Is Aphria (TSX:APHA) Still the Best Marijuana Stock?

Aphria Inc (TSX:APHA)(NYSE:APHA) has been one of the best-performing marijuana stocks of 2019, falling only 13% compared to 24% for marijuana stocks as a whole. Its relative success was mainly thanks to a surprise Q4 earnings release, that showed $128 million in revenue and $15.8 million in earnings.

The company’s cannabis operations were solidly profitable in the quarter, whereas other marijuana producers like Canopy and Aurora lost money in the same period.

On October 15, Aphria will be releasing a new quarterly report, this one for the period ended August 31. Analysts are widely expecting a year-over-year decline in earnings coupled with higher revenue, with a $0.02 loss per share being the consensus.

Depending on whether that comes to pass, the stock’s run of outperforming its peers may come to an end. To understand why that is, we need to look at how the stock managed to outperform its peers in the first place.
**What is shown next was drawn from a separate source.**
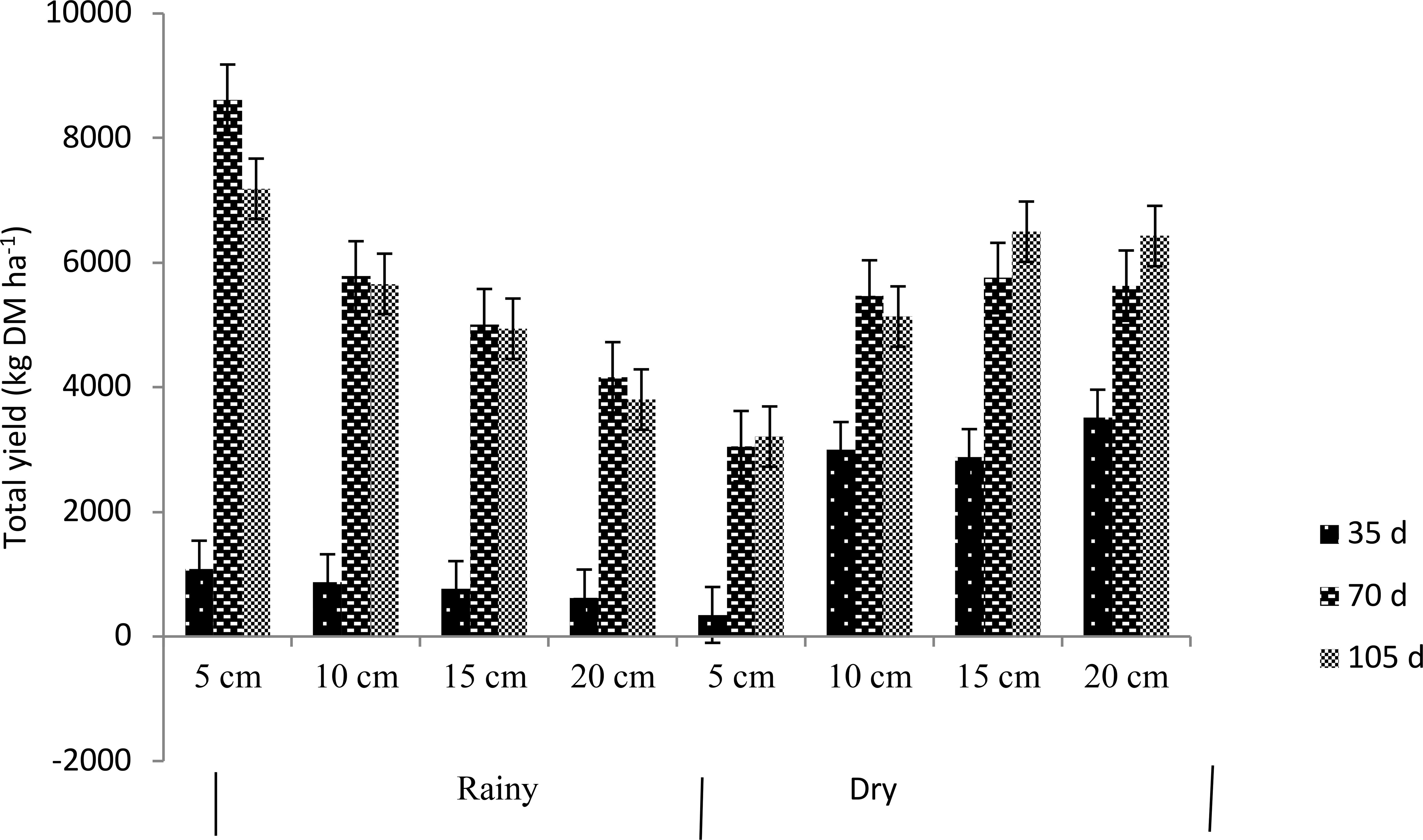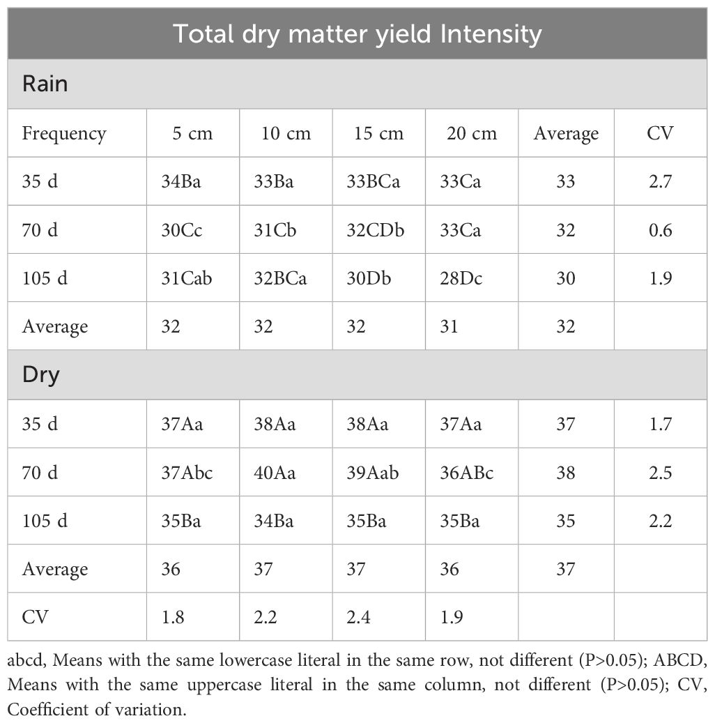Figure 1 presents the averages of total dry matter yield by rainy and dry season. A difference (p<0.05) was found between rainy and dry seasons, in the rainy season, the highest yields occurred in the 70-days with 5892 kg of dry matter (DM) and, lower value 836 kg DM ha-1 in 35-day. In rainfall, the average DM yield was reduced from 5630 to 2863 when intensity decreased from 5.0 cm to 20 cm due to a more significant amount of residual biomass left as a remnant. At both times of the year, the highest biomass yields occurred at the frequencies of 70 and 105 days, 5644 and 5147 kg DM ha-1 in rain and dry, respectively (p<0. 05). The lowest values occurred at the frequency of 35 days for the seasons above with values of 836 and 2433 kg DM ha-1 in rain and dry, same order; the higher value in the dry may be because when cutting the CHP plants in the rain, this stimulated a more significant emission of shoots by the plants and, with it a higher dry matter yield.

The first large marijuana stock to become truly profitable

As stated earlier, Aphria out-performed most of its cannabis peers in 2019 thanks to its Q4 report, which contained solid figures across the board. These included 969% year-over-year revenue growth, 158% sequential growth in recreational sales, $15.8 million in net income, and $1.9 million in EBITDA from cannabis operations. This is in contrast to other marijuana stocks, whose revenue growth was slower and whose profitability was less clear.

Although Canopy and Aurora have posted positive net income before, they never managed to produce positive earnings from cannabis operations. Aphria was the first of the three to hit this milestone, which wasn’t enough to make the stock a winner, but did prevent it from falling as dramatically as its peers.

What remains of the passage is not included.